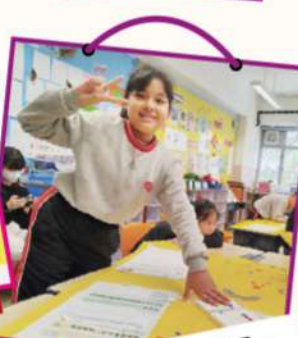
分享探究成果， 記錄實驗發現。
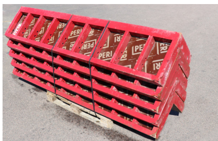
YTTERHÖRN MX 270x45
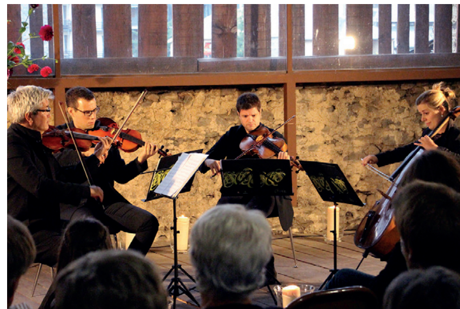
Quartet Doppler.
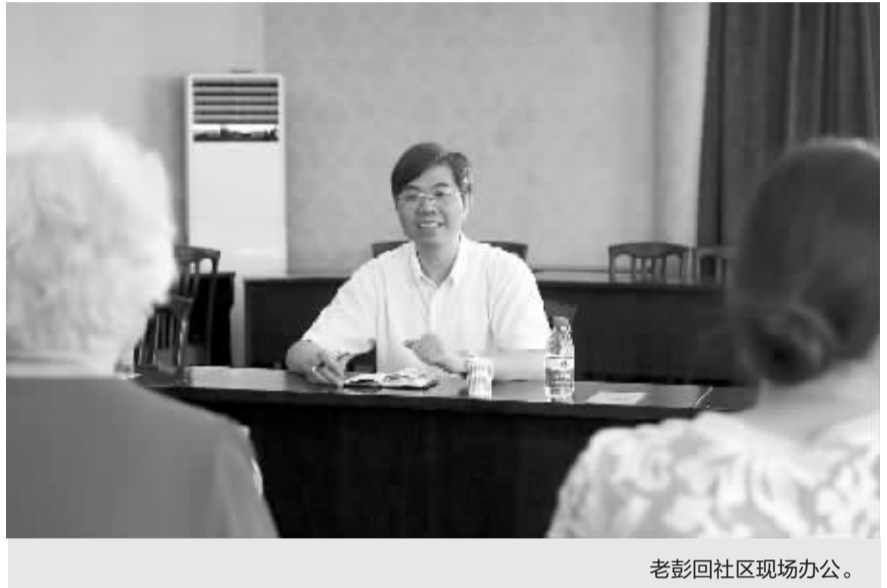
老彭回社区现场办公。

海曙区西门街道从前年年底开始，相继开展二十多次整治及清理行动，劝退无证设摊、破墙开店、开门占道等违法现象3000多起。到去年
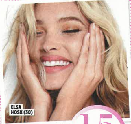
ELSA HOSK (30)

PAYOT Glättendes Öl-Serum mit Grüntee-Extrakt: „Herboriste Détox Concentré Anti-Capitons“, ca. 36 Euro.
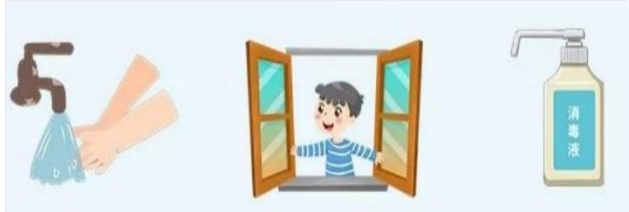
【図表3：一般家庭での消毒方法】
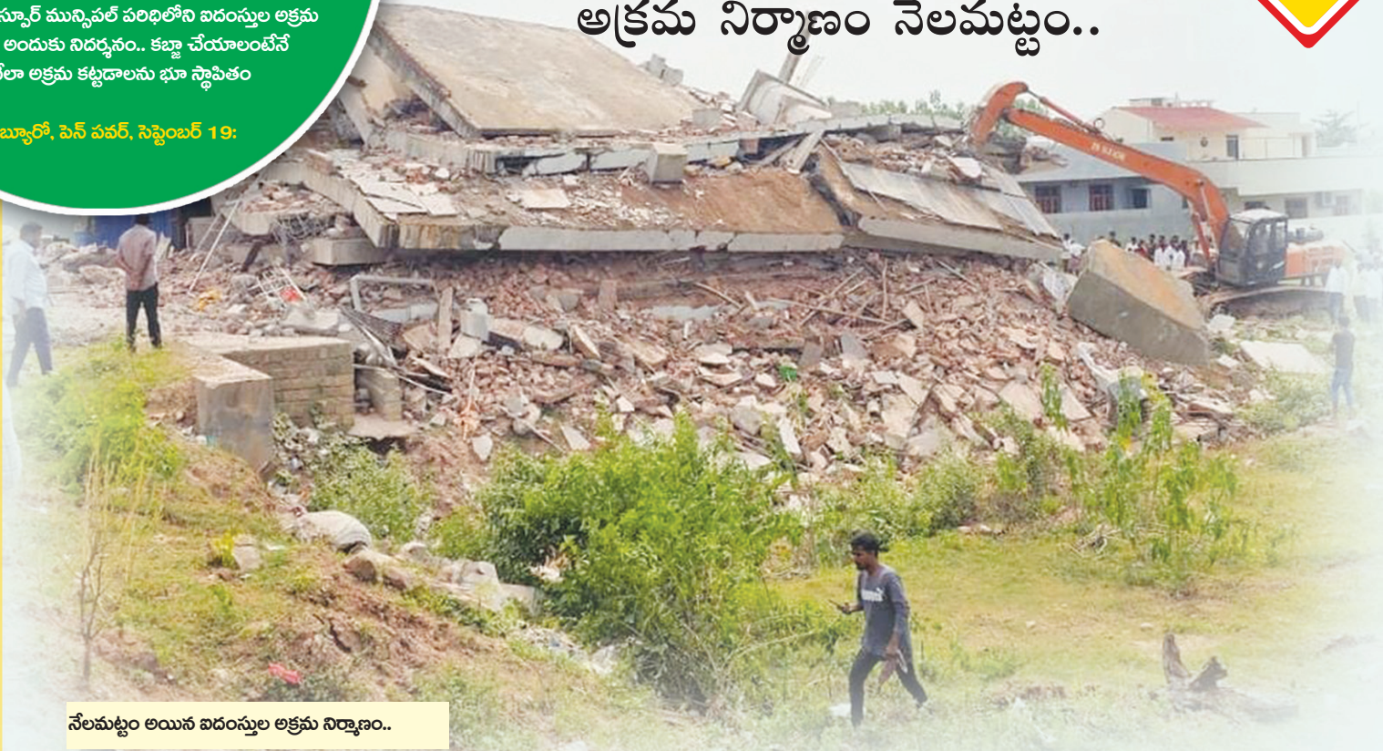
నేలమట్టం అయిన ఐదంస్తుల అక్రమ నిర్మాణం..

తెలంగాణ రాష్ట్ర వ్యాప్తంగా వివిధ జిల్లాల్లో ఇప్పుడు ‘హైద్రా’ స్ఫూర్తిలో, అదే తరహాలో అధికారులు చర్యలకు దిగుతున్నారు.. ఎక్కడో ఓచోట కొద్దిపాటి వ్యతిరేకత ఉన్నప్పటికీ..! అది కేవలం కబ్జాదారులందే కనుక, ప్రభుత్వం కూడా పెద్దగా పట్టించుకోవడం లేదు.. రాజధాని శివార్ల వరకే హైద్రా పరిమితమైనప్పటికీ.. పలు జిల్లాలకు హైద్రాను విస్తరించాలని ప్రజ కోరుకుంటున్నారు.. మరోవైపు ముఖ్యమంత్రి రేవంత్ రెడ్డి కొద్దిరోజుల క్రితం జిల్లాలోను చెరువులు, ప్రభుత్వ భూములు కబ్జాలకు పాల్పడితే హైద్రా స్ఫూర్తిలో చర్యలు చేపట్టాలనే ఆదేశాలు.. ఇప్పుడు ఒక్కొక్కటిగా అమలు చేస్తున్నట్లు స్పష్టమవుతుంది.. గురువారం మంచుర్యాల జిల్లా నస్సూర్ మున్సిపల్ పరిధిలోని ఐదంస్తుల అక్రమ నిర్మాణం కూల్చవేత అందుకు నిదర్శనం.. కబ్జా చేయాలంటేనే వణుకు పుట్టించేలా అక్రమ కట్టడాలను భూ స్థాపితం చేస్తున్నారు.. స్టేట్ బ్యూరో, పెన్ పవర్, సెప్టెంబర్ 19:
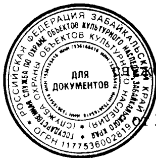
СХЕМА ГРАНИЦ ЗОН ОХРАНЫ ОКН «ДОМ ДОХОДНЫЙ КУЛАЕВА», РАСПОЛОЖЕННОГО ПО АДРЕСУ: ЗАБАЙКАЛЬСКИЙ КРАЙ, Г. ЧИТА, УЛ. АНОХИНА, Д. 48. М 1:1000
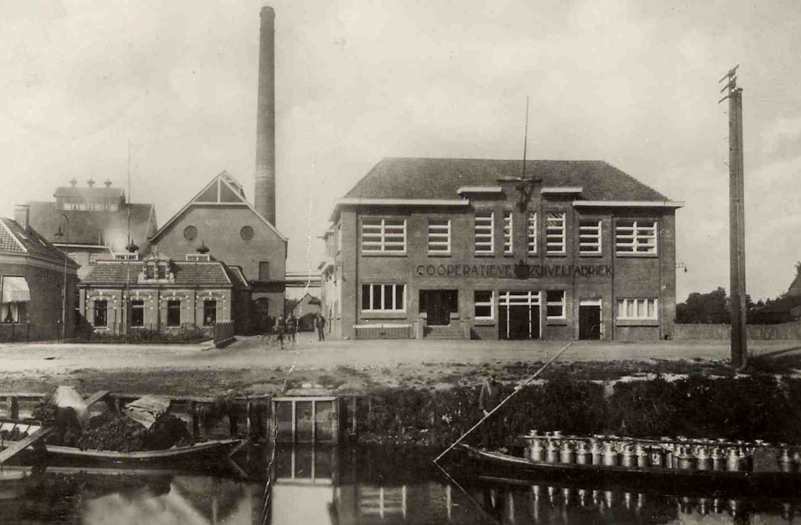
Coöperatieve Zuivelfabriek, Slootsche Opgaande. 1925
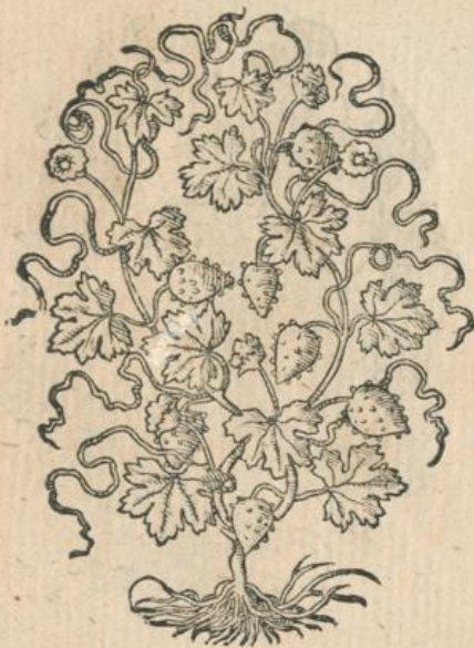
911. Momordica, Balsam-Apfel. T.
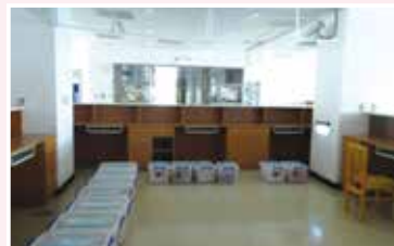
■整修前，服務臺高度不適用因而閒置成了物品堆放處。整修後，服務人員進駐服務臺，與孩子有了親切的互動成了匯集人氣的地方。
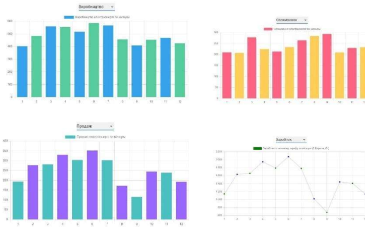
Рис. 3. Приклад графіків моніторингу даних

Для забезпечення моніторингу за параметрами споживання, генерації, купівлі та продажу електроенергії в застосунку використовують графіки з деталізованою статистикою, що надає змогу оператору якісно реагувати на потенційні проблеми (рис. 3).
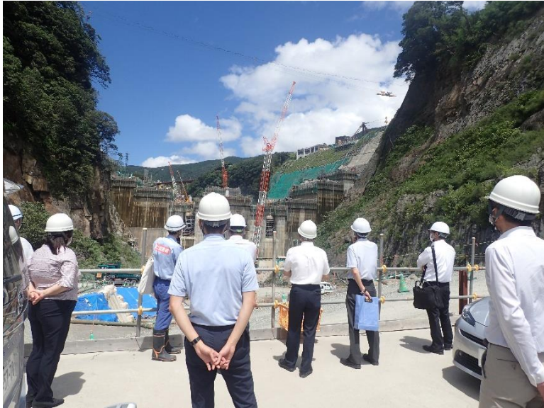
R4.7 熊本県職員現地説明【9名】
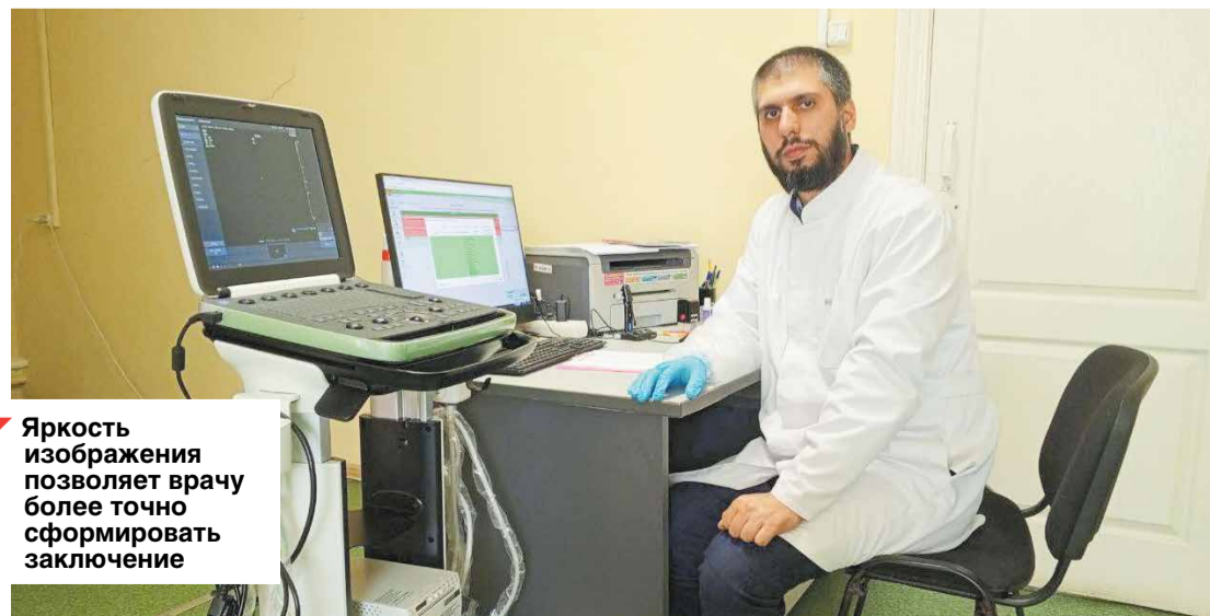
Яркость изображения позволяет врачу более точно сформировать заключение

# EXERCISE:
Some lines contain the word "моніторингу". Pull each one out of the listing.

# TASK SOLUTION:
Рис. 3. Приклад графіків моніторингу даних
Для забезпечення моніторингу за параметрами споживання, генерації, купівлі та продажу електроенергії в застосунку використовують графіки з деталізованою статистикою, що надає змогу оператору якісно реагувати на потенційні проблеми (рис. 3).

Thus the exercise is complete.